E: É claro que o ARMY adorou seu trabalho solo. Acho que, se vejo alguma crítica, é de que gostariam que você tivesse escrito mais e que o álbum solo teve uma pegada muito ocidental, para o bem ou para o mal. Você já ouviu isso? O que acha dessa ideia?
Aconteceu de ser a minha escolha na época. Eu poderia escrever mais para o meu próximo álbum, se é isso que o ARMY quer. Mas, naquela época, eu queria outra coisa. Queria compor boas músicas e lançar um álbum o mais rápido possível. Esse é o motivo principal. Acho também que os tipos de histórias que posso contar são bastante limitados. Então, no futuro, quando eu tiver muito o que fazer e muito o que dizer, acho que isso acontecerá naturalmente.
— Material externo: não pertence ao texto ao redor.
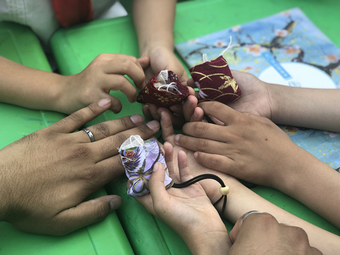 活动现场,康复中心的老师们介绍了机构的发展和参加端午节活动的儿童情况;随后,国际学生们分别加入了6个自闭症儿童家庭,陪孩子们一起看书、做游戏,在建立起信任和友谊后,他们用简单的中文和孩子们交流端午节的由来、节日风俗和中药知识。最后,在机构老师的帮助下,新组建的“国际家庭”纷纷完成了端午节草药香包的制作。

E: Acho que o sonho deles é algo pessoal. Mas você está dizendo que não tem nada para eles agora, nesse sentido?
Na verdade, talvez eu nunca tenha nada. Porque não consigo guardar memórias por muito tempo. Esqueço as coisas com frequência, então… Sabe como os computadores têm discos rígidos? Acho que não tenho muito espaço em disco.
E: Você está no BTS desde muito jovem. Suas únicas pausas reais como idol foram talvez um pequeno período durante a pandemia e o serviço militar. Como crescer assim afetou sua identidade?
Estávamos muito ocupados durante a pandemia, muito mesmo. Então, o único momento em que fiquei completamente longe da música foi no serviço militar. E durante esse período… em vez de tentar entender minha identidade, porque acho que ela está sempre mudando… o que eu realmente sentia era que queria muito me apresentar. Queria cantar. ” Ah, mal posso esperar para ir embora! Quero sair e dançar!” Era só nisso que eu pensava.
E: Nos Beatles, George Harrison era o mais novo. Ele sentia que sempre era tratado como um membro júnior, e isso o frustrava. Gostaria de saber se você se identifica com isso.
Não, eu adoro ser o mais novo. Porque, mesmo sendo adultos agora, durante toda a minha vida eu fui o mais novo da minha família, o mais novo do meu grupo e, no trabalho, sempre fui o mais novo de toda a equipe. Estou tão acostumado com isso agora, que quando estou em um grupo, sempre me sinto muito confortável sendo o mais novo. É assim que me sinto agora.